There is going to be a double dip. Or to put it more precisely and a little less starkly, there is an overwhelming probability that the bounce off the bottom that most economies have experienced will falter later this year and that some, at least, will experience a fall-back in output.


This decline may not be protracted enough to qualify as a second leg to the recession but it will be scary. It will be scary for policy-makers, who find themselves pretty powerless. They can, and did, prevent a meltdown, but they cannot create growth. It will be scary for businesses who thought they had come through the worst and who then find demand for their output weakening again. And it will be scary for the rest of us because we have been led to believe that things would, come a year or two, be back to normal.


They won't. A double dip was always a possibility, for many recessions follow this pattern. But two things have changed in the past month or so that have sharply increased the probability. One is in Europe, the other in the US.


Europe running out of time


In Europe we have all become aware that there is no time. There was never really much time: time, that is, to correct the fiscal deficits, but governments kidded themselves that they could wait until growth was running strongly before setting about the fiscal clean-up. The conventional view now is that Greece changed that, for it faced an utter meltdown in confidence and became the first country to be rescued by the eurozone – an act that focused attention on the other weak eurozone nations.
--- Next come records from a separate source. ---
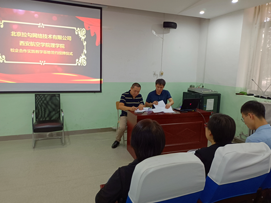 2021年9月15日下午四点半,北京拉勾网络技术有限公司与Beat365中文官方网站在南楼108报告厅进行校企合作实践教学基地签约授牌仪式。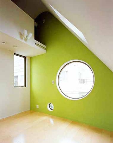 丸い窓とグリーンの壁が印象的な部屋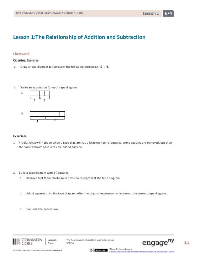 EP Math 3 – Easy Peasy All-in-One Homeschool What’s left? Draw a box around the 10 left in 10 0. Now you have ten minus two left. You know the answer to that. What’s ten minus two? (answer: 8) Write 8 in the tens spot in the answer. What’s the answer to 100 – 20? (answer: 80) (You can also think about adding on.) *Complete the worksheet. Each time draw a box around the ten in the ... The Relationship of Addition and Subtraction - Online Math Learning 1. Predict what will happen when a tape diagram has a large number of squares, some squares are removed, but then the same amount of squares are added back on. 2. Build a tape diagram with 10 squares. a. Remove 6 of them. Write an expression to represent the tape diagram. b. Add 6 squares onto the tape diagram. Subtraction With Tape Diagrams Worksheets - K12 Workbook Subtraction With Tape Diagrams. Displaying all worksheets related to - Subtraction With Tape Diagrams. Worksheets are Tape diagram session revised new orleans ppt notes, Introduction to tape diagrams, Adding fractions, Tape diagram and model drawing problem solving addition, Lesson 1 the relationship of addition and subtraction, Lesson 1 the ... Tape Diagrams: Modeling 2-Digit Addition and Subtraction We know both parts, so we find the whole by adding. Seventeen plus six equals twenty-three. Keep practicing and your child will recognize: When we know both parts, we add. When we are missing a part, we subtract. Your child will continue using tape diagrams to figure out how to solve problems third grade but with larger numbers!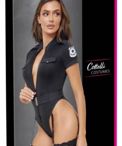 Model marki Cottelli Costumes to starannie wykonane body w klasycznym, czarnym kolorze, zaprojektowane z myślą o efektownym wyglądzie i wygodzie noszenia. Body wyposażono w emblemat na ramieniu, podkreślający stylizację inspirowaną służbami mundurowymi.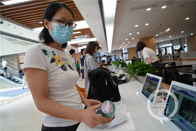 此外,上游新聞·重慶晨報(bào)記者注意到,在辦事窗口前,每一位工作人員旁邊都放著一個(gè)多媒體終端設(shè)備,設(shè)備屏幕上會(huì)同步顯示辦事群眾所辦理業(yè)務(wù)的流程及所需材料,讓市民對(duì)業(yè)務(wù)做到心中有數(shù),同時(shí)辦事群眾還可以在該設(shè)備上給工作人員的服務(wù)打分。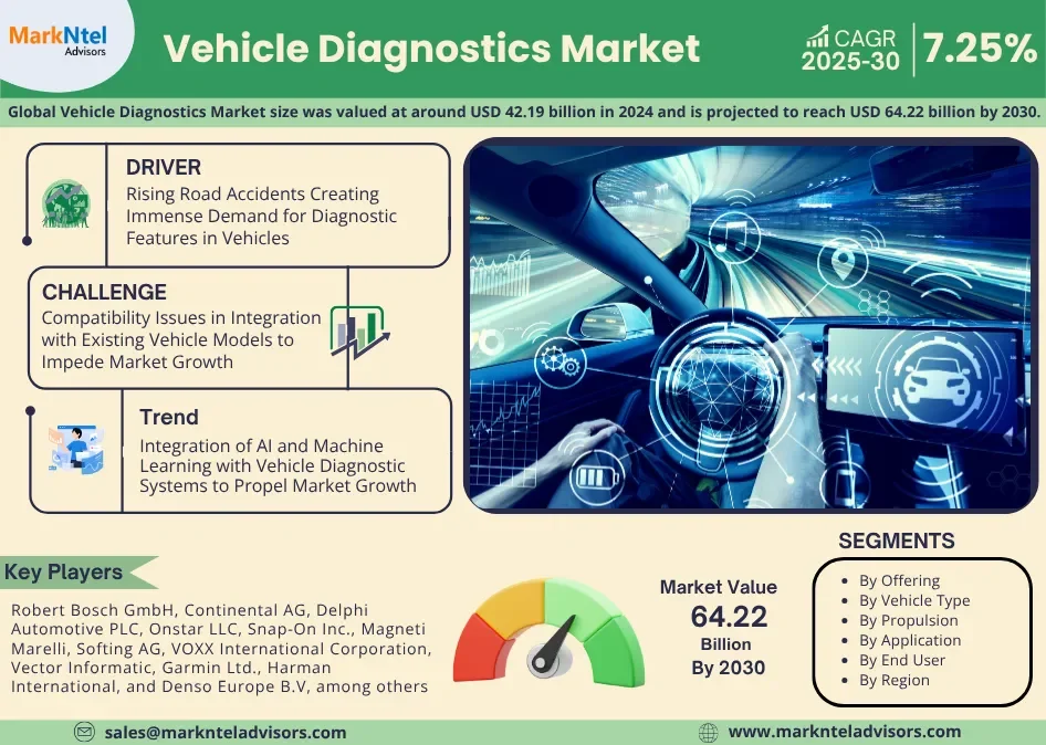 The Global Vehicle Diagnostics Market size was valued at around USD 42.19 billion in 2024 and is projected to reach USD 64.22 billion by 2030. Along with this, the market is estimated to grow at a CAGR of around 7.25% during the forecast period 2025-30. According to MarkNtel Advisors Study.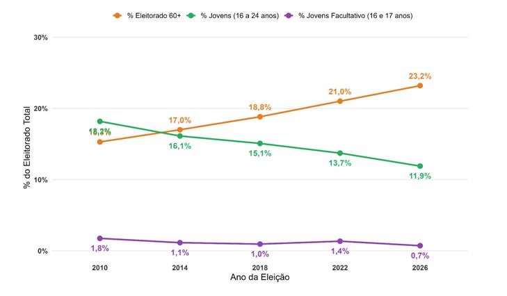 Enquanto o número de eleitores de todas as faixas etárias aumentou 15% entre 2010 e 2026, o eleitorado 60+ cresceu 74% no mesmo período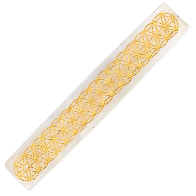 Räucherstäbchenhalter Selenit Blume des Lebens, länglich - Dianas Klosterlädchen

Actually I don't think it makes sense to load all the blame on Greece. There is a structural problem within the eurozone, for we can now see clearly that its different economies need different interest rates. Had Greece not been in the common currency it would not have been able to run up such huge debts. It cannot realistically repay those debts, so anyone who has lent money to Greece faces a big loss. But the rising indebtedness is a burden on almost the entire continent and even the strongest nation, Germany, feels it has to eliminate its deficit.


There is a very practical reason for what people might see as German masochism. It is that a tough fiscal line holds down the country's borrowing costs. Spain has to pay two percentage points of interest more than Germany for 10-year money; Belgium has to pay one per cent more; and even France (which has been somewhat tardy in cutting its deficit) has to pay 0.5 per cent a year more.


To be realistic, interest costs for all governments are likely to climb in the next two or three years as monetary policy gets back to normal. So it makes sense not only to cut borrowings but, in so doing, to try also to keep interest costs as low as possible. So it is not really masochism, it is mathematics.


US outlook deteriorates


But – and this is the downside – a faster-than-expected return towards balanced budgets is likely in the short term to depress demand. It would be nice to be able to assure people that the boost to confidence and the lower-than-otherwise interest rates will more than offset the impact of fiscal consolidation.


In the longer term that is almost certainly true. But we are talking about the next year and it is not realistic to expect the private sector to switch on the demand that the public sector is withdrawing, especially if the former is clobbered with higher taxes.


The US outlook has also deteriorated. The head of the Federal Reserve Board, Ben Bernanke, said last Monday that he hoped the US would avoid a double dip. "My best guess is we will have a continued recovery, but it won't feel terrific," he said.


Let's hope he is right, but the fact that he should feel obliged to say so carries the implicit warning that another dip is very possible. What seems to have happened is that the various one-off schemes designed to turn the US economy around have now expired: for example, the "cash for clunkers" car scrap scheme and the tax credit for people buying new homes or trading up. The very latest job statistics showed a surge in employment, but only because of temporary government jobs associated with the US census. Jobs in the private sector only inched up. When those figures were published earlier this month share markets around the world plunged.


That leads to two final indicators that, while not actually signalling a double dip, would at least be consistent with one occurring. One is share markets. They do reflect, in their incoherent way, the collective view of the global investment community, the world's savers. Typically they give a few months' notice of big swings in the world economy. They plunged in the autumn of 2008, suggesting that 2009 would be a dreadful year, as indeed it was. And they recovered from March 2009 onwards, suggesting that we were beginning to bottom out, as indeed we were. The markets are now suggesting there will be some sort of pause in the recovery, and we should not ignore them.


Finally, if you look at major recessions over the past century, they do often have double bottoms.


In South Korea, they
have their own worries


Power has indeed flipped in the world economy. There are few fears of a double dip in South Korea, where I am at an economic conference in Seoul. There was a mild recession last year, but the government this year predicts 5% growth. Main worry? Aside from the obvious political concerns about the north, the topic that keeps coming up is European government indebtedness. Might a stagnant Europe hold their exports back?


We used to worry about the Asian debt crisis; now they worry about ours.